:: YOUR INSTRUCTIONS ::
Look through the data below and say how many of its lines contain "ticket", adding nothing else.

:: GIVEN DATA ::
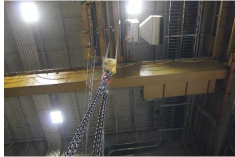
Figure 3. Bridge crane on site.
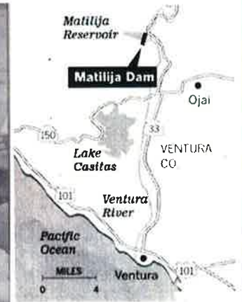
Los Angeles Times
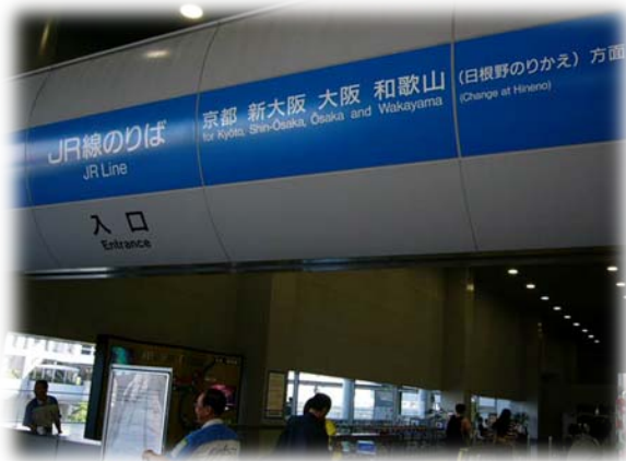
JR ticket gates

Both HARUKA and Shinkansen are JR. Please purchase a ticket to Aioi at the JR ticket shop. The fare is 6,900 JPY. It is recommended to purchase return (round trip) tickets at this time.

:: RESPONSE ::
2